◆ **Required action**
Look through the entries that follow and return each line that has the string "темного".

◆ **Dataset records**
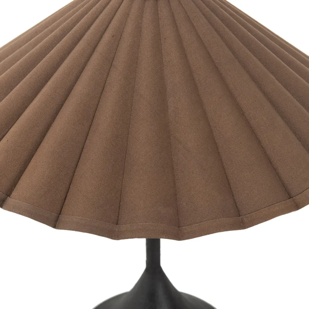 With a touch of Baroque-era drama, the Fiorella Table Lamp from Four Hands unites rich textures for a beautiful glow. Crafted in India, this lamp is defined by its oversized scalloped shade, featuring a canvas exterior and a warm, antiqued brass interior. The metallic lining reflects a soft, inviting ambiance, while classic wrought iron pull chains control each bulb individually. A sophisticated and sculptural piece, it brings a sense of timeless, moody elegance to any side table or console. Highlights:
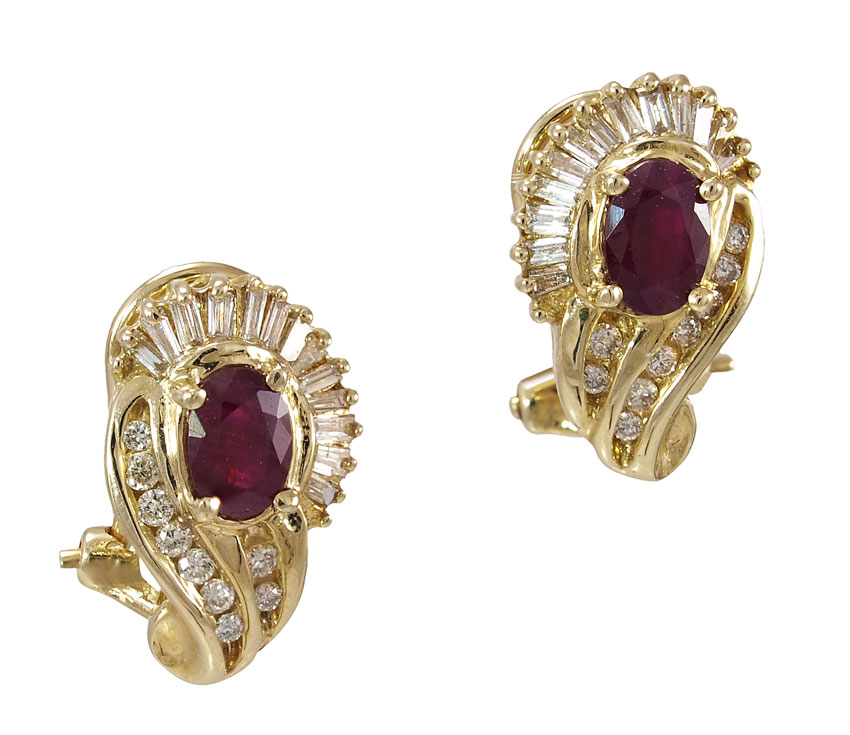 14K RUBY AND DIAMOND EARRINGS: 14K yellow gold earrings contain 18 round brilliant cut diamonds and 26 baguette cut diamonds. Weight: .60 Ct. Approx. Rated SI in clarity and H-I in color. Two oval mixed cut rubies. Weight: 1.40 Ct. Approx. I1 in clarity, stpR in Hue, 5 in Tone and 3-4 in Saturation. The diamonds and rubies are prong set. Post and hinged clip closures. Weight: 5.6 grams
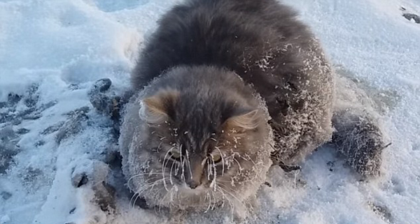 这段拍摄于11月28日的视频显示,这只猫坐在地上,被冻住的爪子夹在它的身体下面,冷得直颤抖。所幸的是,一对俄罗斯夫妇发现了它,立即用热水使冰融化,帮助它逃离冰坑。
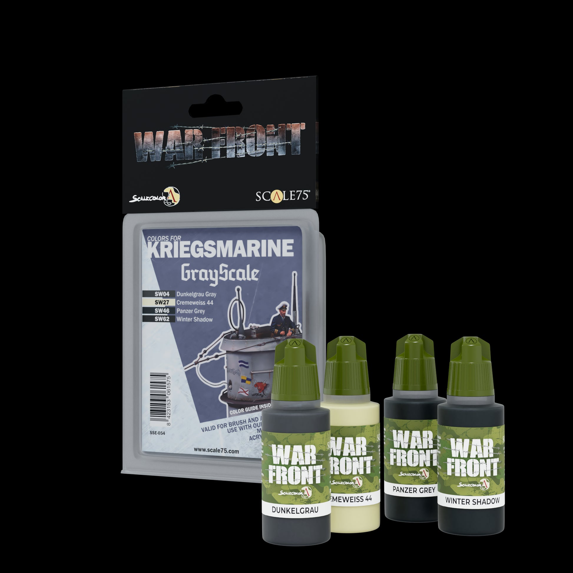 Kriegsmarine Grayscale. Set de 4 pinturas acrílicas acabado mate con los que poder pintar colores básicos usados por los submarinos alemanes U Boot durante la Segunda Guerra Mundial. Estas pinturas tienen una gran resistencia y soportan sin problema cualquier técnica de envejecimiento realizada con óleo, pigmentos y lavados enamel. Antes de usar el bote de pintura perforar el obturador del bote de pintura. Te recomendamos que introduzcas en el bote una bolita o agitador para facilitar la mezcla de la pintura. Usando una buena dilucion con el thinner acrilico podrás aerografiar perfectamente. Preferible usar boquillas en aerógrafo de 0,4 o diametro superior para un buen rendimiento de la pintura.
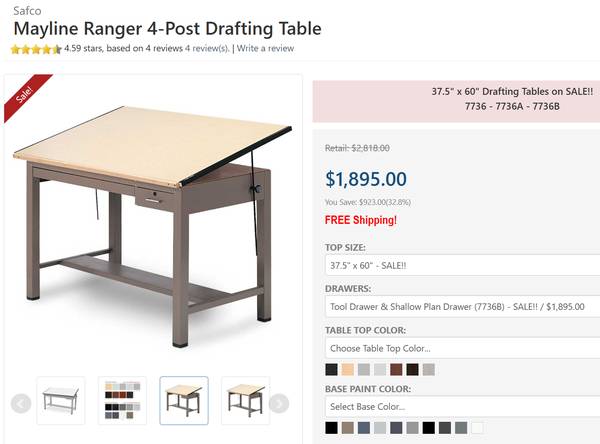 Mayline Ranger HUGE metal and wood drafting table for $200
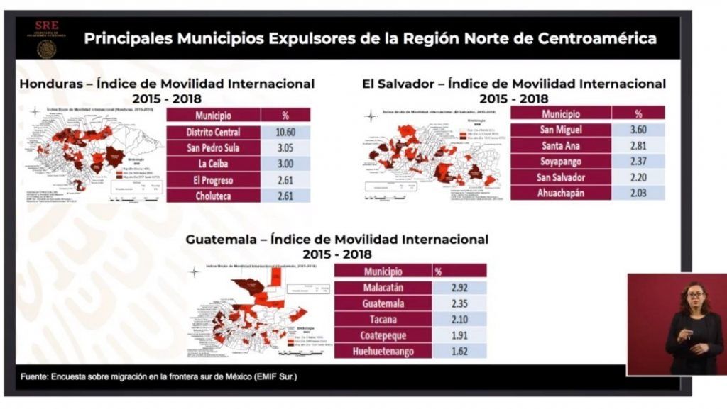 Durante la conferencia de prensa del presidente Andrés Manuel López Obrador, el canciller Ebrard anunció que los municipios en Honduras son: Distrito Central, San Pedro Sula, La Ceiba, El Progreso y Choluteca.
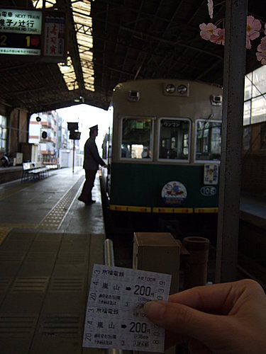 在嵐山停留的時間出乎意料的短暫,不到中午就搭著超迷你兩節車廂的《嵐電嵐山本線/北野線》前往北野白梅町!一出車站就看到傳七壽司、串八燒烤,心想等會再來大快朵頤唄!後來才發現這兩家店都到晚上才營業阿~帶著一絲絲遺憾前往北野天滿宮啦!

==

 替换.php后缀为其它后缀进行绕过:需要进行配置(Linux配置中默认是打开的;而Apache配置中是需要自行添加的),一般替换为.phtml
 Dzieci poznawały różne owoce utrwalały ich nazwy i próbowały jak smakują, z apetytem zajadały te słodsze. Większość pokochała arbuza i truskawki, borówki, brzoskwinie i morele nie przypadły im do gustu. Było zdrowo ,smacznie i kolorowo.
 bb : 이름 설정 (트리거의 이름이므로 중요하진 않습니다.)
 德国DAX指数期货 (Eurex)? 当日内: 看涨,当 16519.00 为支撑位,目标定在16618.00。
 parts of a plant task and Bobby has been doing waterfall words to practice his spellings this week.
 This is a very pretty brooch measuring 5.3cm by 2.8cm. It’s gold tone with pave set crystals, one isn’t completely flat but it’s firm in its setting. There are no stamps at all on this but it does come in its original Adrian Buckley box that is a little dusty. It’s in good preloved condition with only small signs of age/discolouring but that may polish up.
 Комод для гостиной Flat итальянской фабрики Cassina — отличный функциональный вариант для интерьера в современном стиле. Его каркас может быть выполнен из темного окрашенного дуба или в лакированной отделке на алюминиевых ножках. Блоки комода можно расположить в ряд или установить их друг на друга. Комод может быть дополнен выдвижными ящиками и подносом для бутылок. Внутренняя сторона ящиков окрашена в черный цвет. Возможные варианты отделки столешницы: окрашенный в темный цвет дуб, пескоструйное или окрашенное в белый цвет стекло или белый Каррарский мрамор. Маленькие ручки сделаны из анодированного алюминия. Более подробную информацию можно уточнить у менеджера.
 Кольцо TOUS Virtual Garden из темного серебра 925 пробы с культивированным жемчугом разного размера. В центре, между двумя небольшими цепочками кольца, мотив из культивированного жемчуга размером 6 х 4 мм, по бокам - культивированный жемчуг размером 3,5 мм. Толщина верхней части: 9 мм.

--

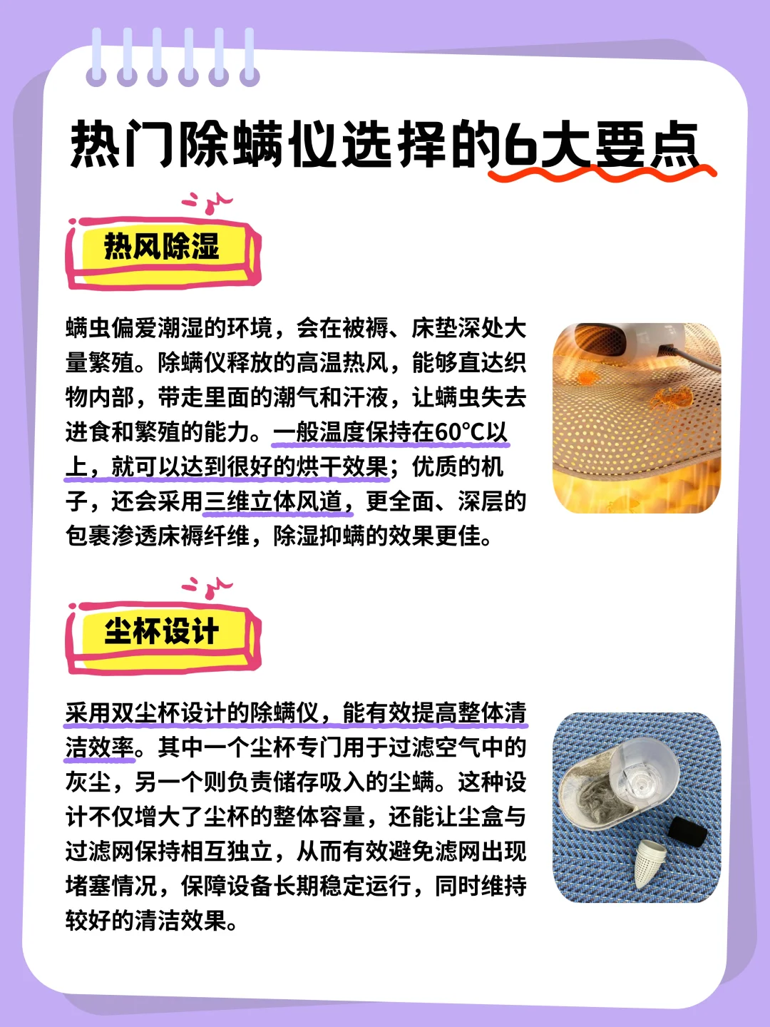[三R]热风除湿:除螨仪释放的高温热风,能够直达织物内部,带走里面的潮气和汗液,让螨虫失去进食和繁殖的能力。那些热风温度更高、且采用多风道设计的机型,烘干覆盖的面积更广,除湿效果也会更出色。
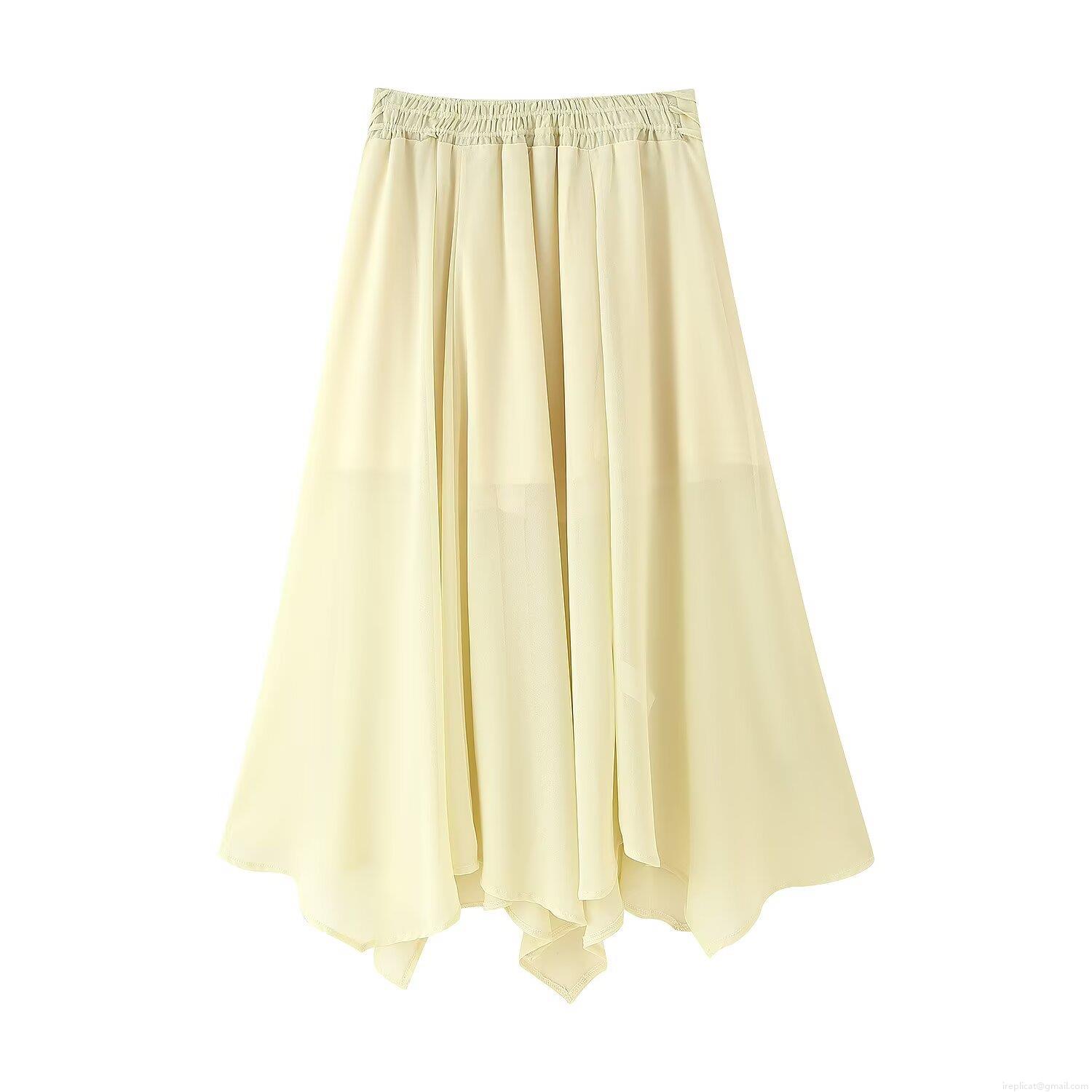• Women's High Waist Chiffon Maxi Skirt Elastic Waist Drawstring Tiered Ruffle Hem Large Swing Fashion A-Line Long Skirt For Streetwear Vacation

◆ **Exercise answer**
 Комод для гостиной Flat итальянской фабрики Cassina — отличный функциональный вариант для интерьера в современном стиле. Его каркас может быть выполнен из темного окрашенного дуба или в лакированной отделке на алюминиевых ножках. Блоки комода можно расположить в ряд или установить их друг на друга. Комод может быть дополнен выдвижными ящиками и подносом для бутылок. Внутренняя сторона ящиков окрашена в черный цвет. Возможные варианты отделки столешницы: окрашенный в темный цвет дуб, пескоструйное или окрашенное в белый цвет стекло или белый Каррарский мрамор. Маленькие ручки сделаны из анодированного алюминия. Более подробную информацию можно уточнить у менеджера.
 Кольцо TOUS Virtual Garden из темного серебра 925 пробы с культивированным жемчугом разного размера. В центре, между двумя небольшими цепочками кольца, мотив из культивированного жемчуга размером 6 х 4 мм, по бокам - культивированный жемчуг размером 3,5 мм. Толщина верхней части: 9 мм.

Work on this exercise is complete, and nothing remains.